The oceans are all connected. The amount of pre-adolescent characters from the stories and novels and films of the world is known. Sometimes for marketing, but it is inevitably the moment when everything changes: the change of the voice in males, seeing a part of themselves as different, seeing oneself from the outside, losing unconsciousness (Luca and Alberto are dangerous in the eyes of the villagers , and hide the scales).

Luca is a timeless summer with nostalgia for a slightly boomer Italy but also Gen Z, for a fluid world for which a Call me by your name for children is defined online, and young people tweet to Casarosa thanking him for capturing a relationship so pure, a fluid story for deeper and truer reasons than a meme.
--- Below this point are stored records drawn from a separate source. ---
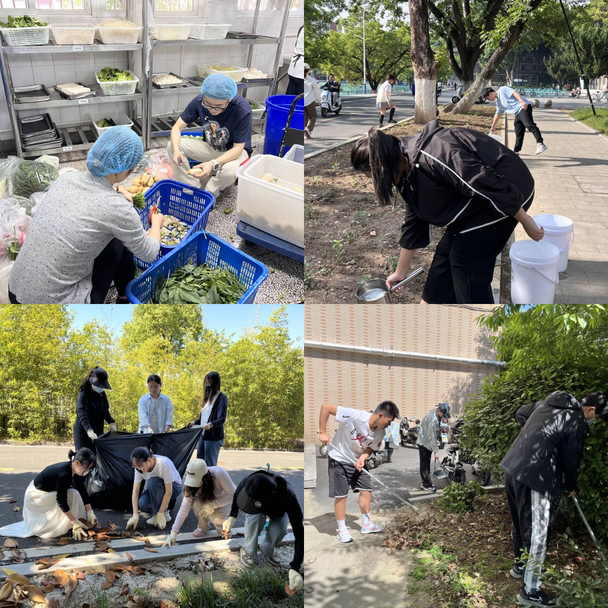 学院组织开展了形式多样的志愿服务活动,扮靓环境,美化校园。5月8日至12日,学院各学生党支部党员志愿者带头行动,组织支部党员开展垃圾捡拾、杂草清除、维护人文“养”吧,充分体现了大学生党员服务集体、勇于担当的精神风貌。5月10日,学院还组织11名本科学生在西苑食堂开展“劳动教育进食堂 体验校园好‘食’光”活动,创新劳动教育形式,丰富劳动教育内容,让学生在为志愿服务的过程中体会到劳动的意义和价值。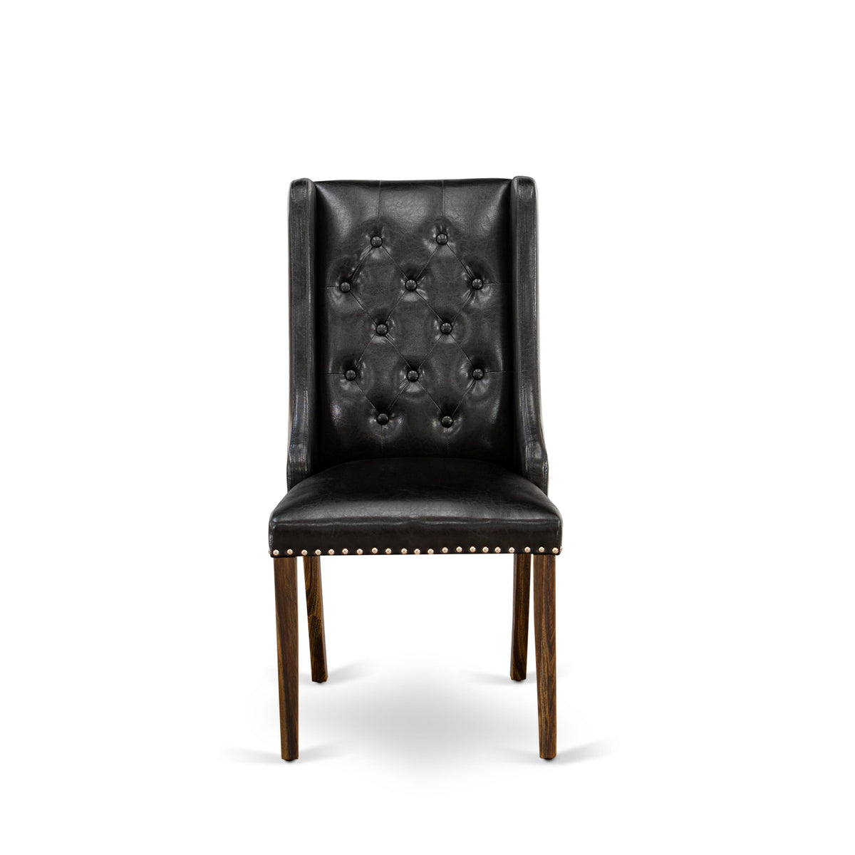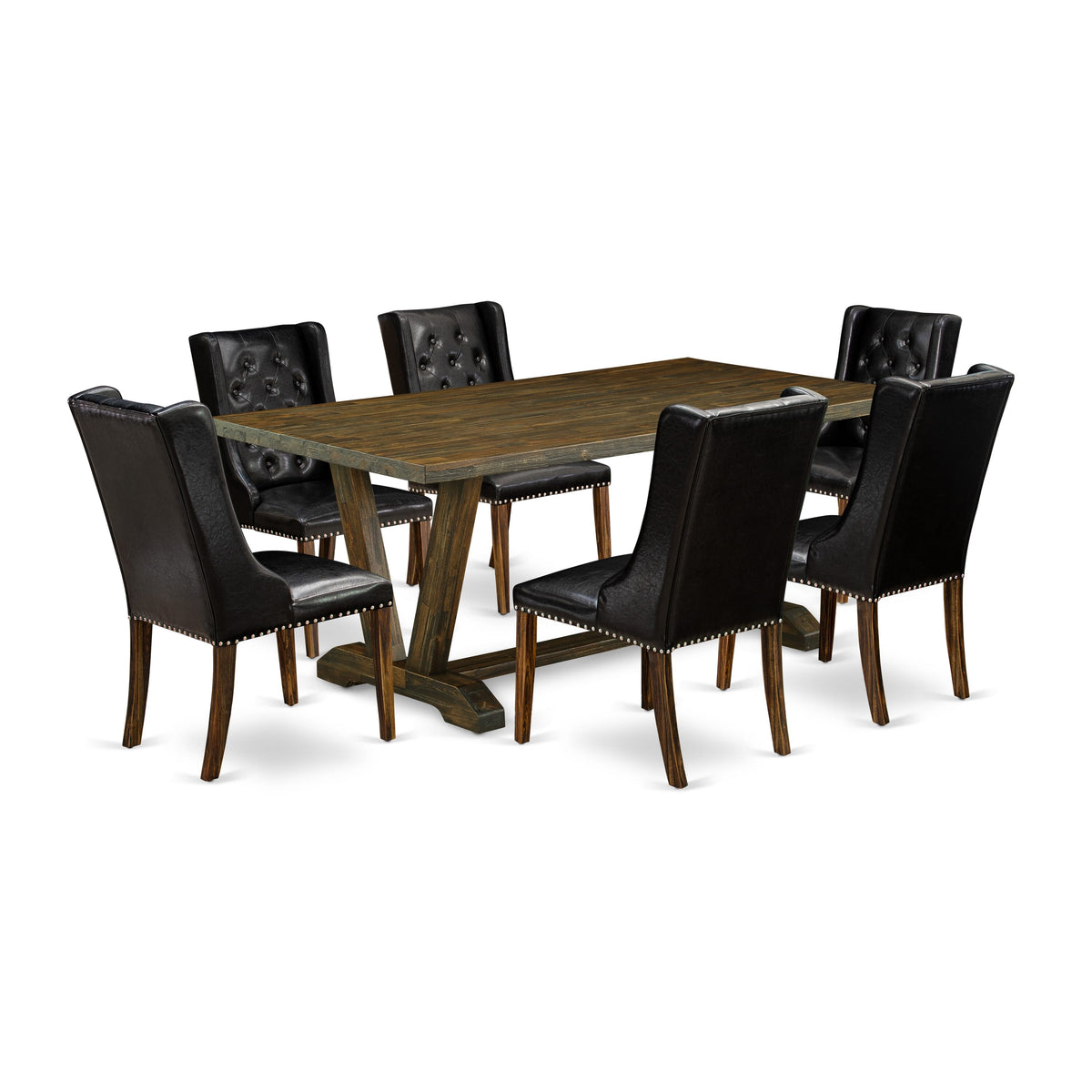 This sophisticated 7-Piece dining table set is going to make your family mealtime more comfortable and pleasant! Our 7 Piece modern dining table set includes 6 dining chairs and 1 modern dining table. These Button Tufted-Back chairs are slightly and elegantly curved, expertly finished with Pu Leather soft upholstery. Our kitchen chair seat is created from Pu Leather which gives a marvelous sitting experience. This modern dining room table has a rectangular Distressed Jacobean tabletop and Distressed Jacobean V-Style Legs. These nailhead dining chairs have Black Pu Leather and Distressed Jacobean solid wood chair legs. These dining chairs stand on a sturdy solid wood frame with solid legs and a contemporary Distressed Jacobean finish. Designed with easy and fast assembly in mind, each set comes conveniently flat packed with easy to follow instructions and all necessary tools included. This contemporary, budget-friendly, durable, and comfortable dining room set furniture can be a great choice for you and your family if you enjoy the dining experience. Enjoy with East West Furniture!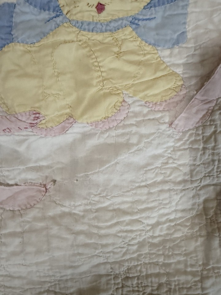 of white, yellow pink. Applique Puppy dog and kitten. Puppy has a free stand floppy ear.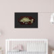 Esta imagen muestra un trofeo de pared de Bass rayado mostrando un tazón de agua dulce con una etiqueta con el nombre debajo del pez que está montado en una placa de madera.
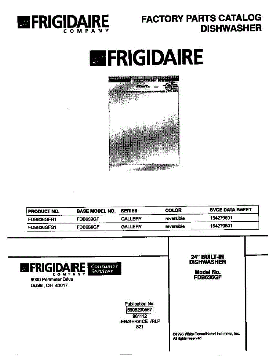Parts for Frigidaire FDB636GFS1: 01 - Cover Parts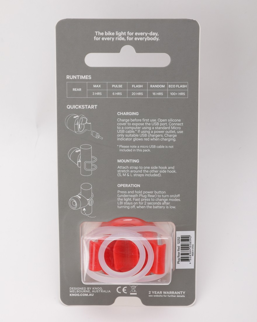 Knogのすべての自転車用ライトと同様に、プラグは100%充電可能です。充電は、大きな背面ボタンの後ろにある便利なマイクロUSBポートを使用して行います。 マイクロUSBケーブル(付属していません)を使用すると、USBポートで簡単に再充電できます。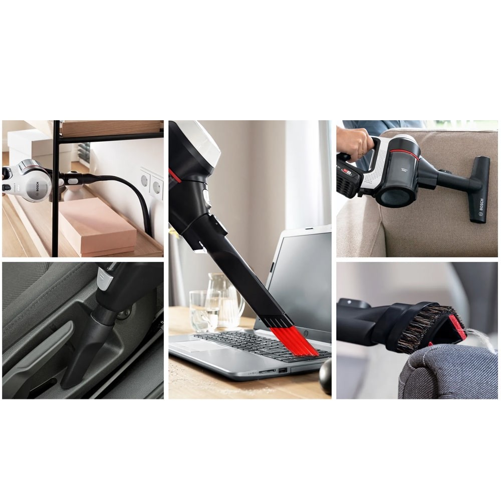 تمیز کردن داخل خودرو معمولاً مکانی دشوار است و اغلب هیچ پریز برقی در نزدیکی آن وجود ندارد. زمان کار طولانی، انعطافپذیری بالا و سهولت استفاده، جارو شارژی بوش BCS711XXL را به راه حلی عالی برای تمیز کردن ماشین شما تبدیل کرده است. جاروبرقی با طیف گستردهای از لوازم جانبی ارائه میشود که به شما کمک میکند به راحتی به هر مکانی برسید. مانند مینی نازل موتوری برای کثیفی سنگین یا نازل انعطافپذیر برای اتصالات، مناسب برای فضاهای کوچک. دیگر مجبور نخواهید شد برای تمیز کردن فضای داخلی خودرو خود به کارواش بروید. از نتایج بهینه جاروبرقی در تمام طبقات و سطوح و حتی در تاریکترین مکانها لذت ببرید! با یک برس موتوری قدرتمند، میتوانید بیش از 99.9% گرد و غبار را جمع آوری کنید. به لطف چراغهای LED داخلی قدرتمند، میتوانید خاک و گرد و غبار را حتی در مکانهایی که به سختی دیده میشود، مانند پشت مبلمان یا گوشههای تاریک پیدا کنید و جاروبرقی بکشید. علاوه بر این، میتوانید 30 درصد بیشتر گرد و غبار روی فرشها جمع آوری کنید. بنابراین میتوانید در کمترین زمان در یک خانه تمیز احساس راحتی کنید.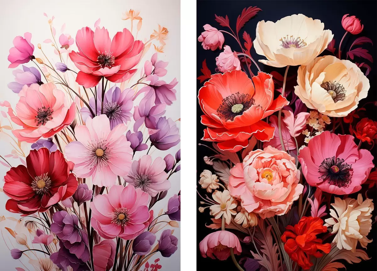 Poster Boeketten van klaprozen in pastelkleuren en rijke tinten N° d00661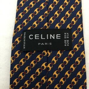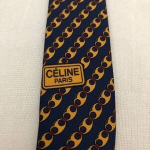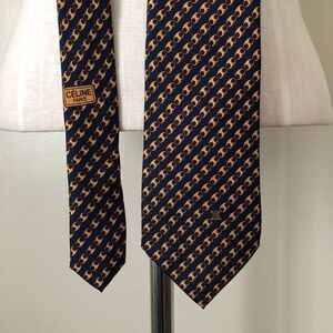 Preowned CELINE Paris Yellow/ Navy Blue tie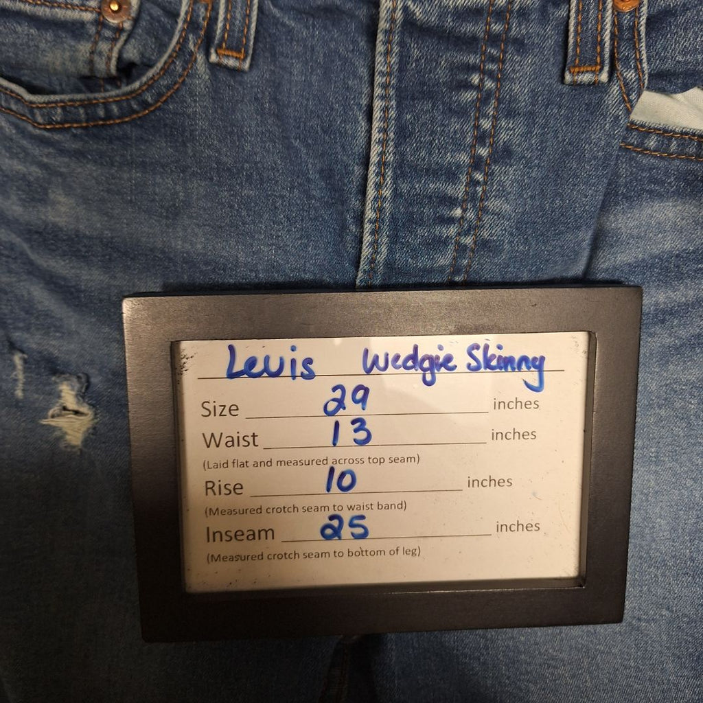 Levis Wedge Skinny Jeans Distressed Blue Womens Size 29 Denim Measurements in the photos for best fit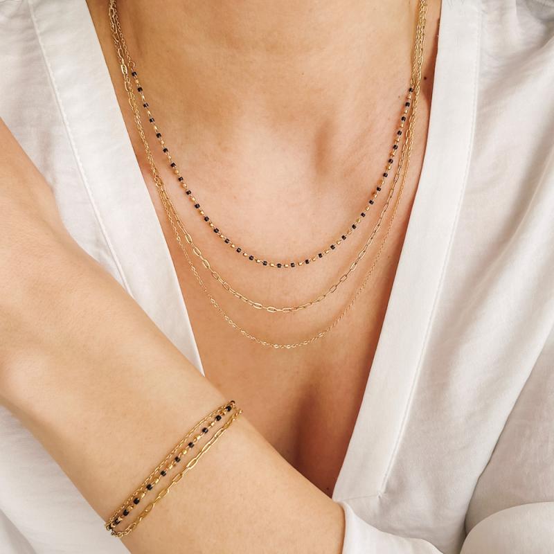 Collier triple acier doré avec miyuki réglable de 40 à 45 cm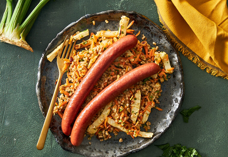 - Tilsæt resten af ingredienserne og server med kålpølser.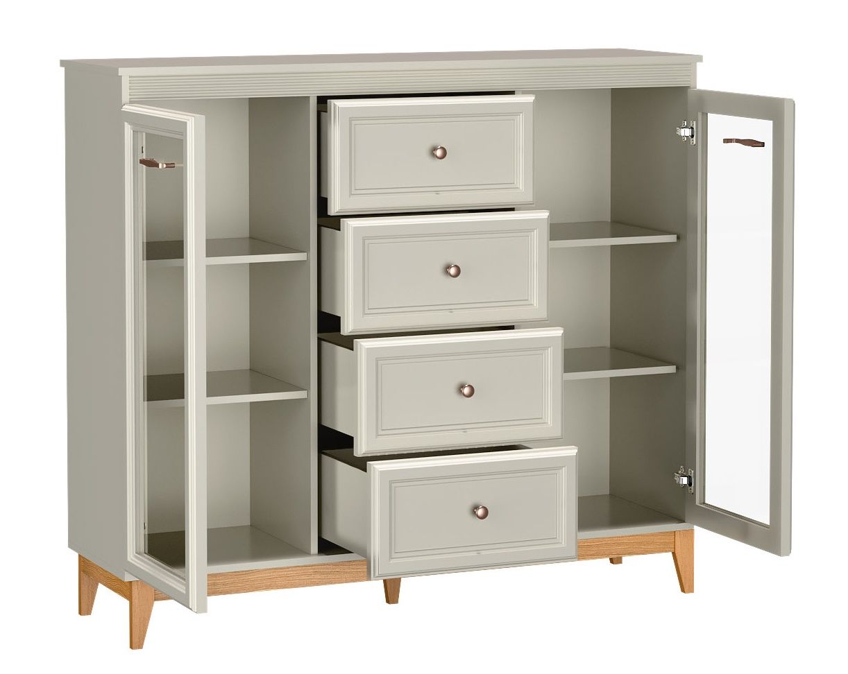 Elegantní vitrína v moderním pojetí klasického řemesla.Teplo přírodního dřeva doplňuje jemný kašmírový odstín (béžová s nádechem šedé), který krásně zapadne do klidných a harmonických interiérů.Jemné frézování, MDF lišty, minimalistické kovové úchyty a vyvážené proporce dodávají nábytku nadčasový charakter. Praktické uspořádání – čtyři zásuvky a dvě prosklené skříňky s policemi – zajistí pořádek i přehled. Tiché dovírání výsuvů a pantů přináší každodenní komfort.Vitrína stojí na pevných dubových nožkách (15 cm). Korpus z odolného lamina a MDF čela s ABS hranami zaručují dlouhou životnost.Dodáváme v demontovaném stavu.Na objednávku do cca 3 - 4 týdnů.Sedačky a nábytek nezasíláme přepravní službou. Preferujeme osobní návštěvu u nás na prodejně, kde je možné si vše v klidu prohlédnout a vyzkoušet. V případě zájmu o koupi, zajistíme kompletní servis — dovoz, výnos, vybalení i umístění na místo. Cena služby se odvíjí od vzdálenosti a náročnosti výnosu a dalších požadavků.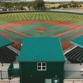 Tourmaline Field was designed to maximize development opportunities for the Dawgs Academy. As such, a field turf infield was included as part of the design in order to enable Dawgs players to begin outdoor training as early in the year as possible. Tourmaline includes many of the first class features of Seaman Stadium such as wood outfield fencing with a shale warning track, full sized, cement dugouts and an outdoor training center complete with batting cages and pitching mounds. In addition to comfortable stadium seating, fans enjoy a concourse viewing and seating area overlooking the field of play surrounding the Peters & Co. Press Box. Like Seaman Stadium, Tourmaline features Musco field lights for night play and a full sized digital Scoreboard and Public Address system. In partnership with the Town of Okotoks, the Dawgs added an extensive Dawgs Academy Clubhouse, an Umpire’s change room and full service washrooms, to make Tourmaline Field one of the premier amateur baseball stadiums in the country.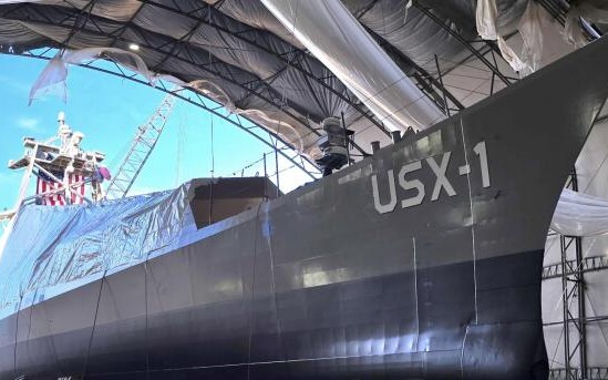 The prototype vessel for the No Manning Required Ship (NOMARS) program, USX-1 Defiant, has been launched and is undergoing sea trials. The 180’, 240-metric-ton unmanned surface vessel (USV) was built at Nichols Brothers Boat Builders, Freeland, Wash., and completed construction February 2025. The vessel is designed to operate autonomously for extended periods without an onboard crew.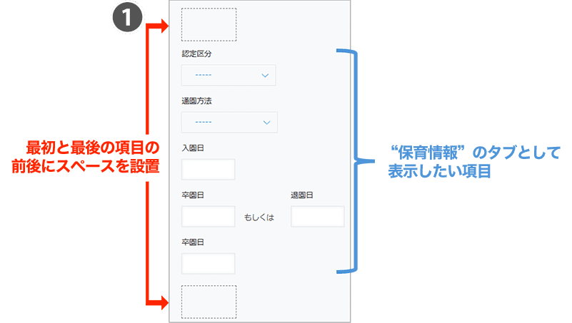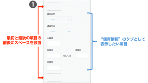 どの項目からどの項目まで、1つのタブとして表示させるかの指定を【スペースフィールド】の ”要素ID” を使って行います。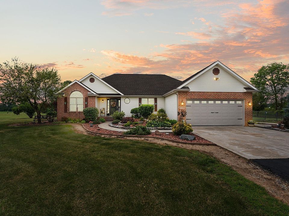 Nestled on 7.26 acres of stunning countryside, this exceptional property is a true haven for nature lovers and those seeking serene, private living. The centerpiece is a picturesque 1 1/4 acre stocked pond, perfect for fishing and relaxing by the water. Adjacent to the pond is a private beach complete with a charming gazebo, offering a perfect spot for unwinding. The property also features a 1/4 acre wildlife pond, teeming with a variety of wildlife, and a tranquil creek running along the back of the property. For those with a green thumb, the numerous fruit trees and the wooded area provide ample opportunities for gardening and exploration. The interior of the home is just as impressive. The kitchen was updated in 2024, featuring modern amenities and sleek finishes. The living room boasts a cozy fireplace and cathedral ceilings, creating a warm and inviting atmosphere. The primary bedroom also features cathedral ceilings and crown molding, adding a touch of elegance. Energy efficiency is a priority with geothermal heating, and the home is adorned with six-panel doors throughout. The full basement provides additional storage or living space, while the 4 seasons room offers breathtaking views of the pond year-round. The heated garage ensures comfort during the colder months, and the large pole barn with a wood-burning stove is perfect for hobbies or storage. This property is a unique blend of natural beauty and modern comfort, offering a lifestyle that is both peaceful and luxurious. Don't miss your chance to own this slice of paradise.

Or it makes one think of Jack Savoretti, an English singer who is releasing a Europiana album about summers in Portofino. One of the most authentic aspects of the Italian summer, apart from the ice cream, the song Don’t trust a kiss at midnight, the pasta with pesto, are the trains, which also close Call Me By Your Name, assaulted by families in the heat, taken alone children, which mark the transition to adulthood: when you go to your grandparents and they wait for you at the platform, the trains that take you from a village to the cities.

When we open up to the new, beyond the sea borders towards “fish stars”, towards Silicon Valley, towards relationships without barriers, everything passes, flows, is channeled into other forms. Ligurian tourism is the result of local ingenuity and culinary specialties, a Riviera of excellence for centuries, and a fascinating Nature, but the image that gives rise to a dream Liguria, is not purely neorealist, but is that of the stranger at the sea in the Belle Epoque, that of the Gulf of poets in the eyes of the British and American writers of the Grand Tour.

Animation and Romanticism know that monsters are expressionism and therefore reality (ironically a film on Italian typologies is called I Mostri). It will certainly not be a coincidence that Mary Shelley, before writing Frankenstein, saw with her husband, in the waters of Genoa, flashes of sea monsters.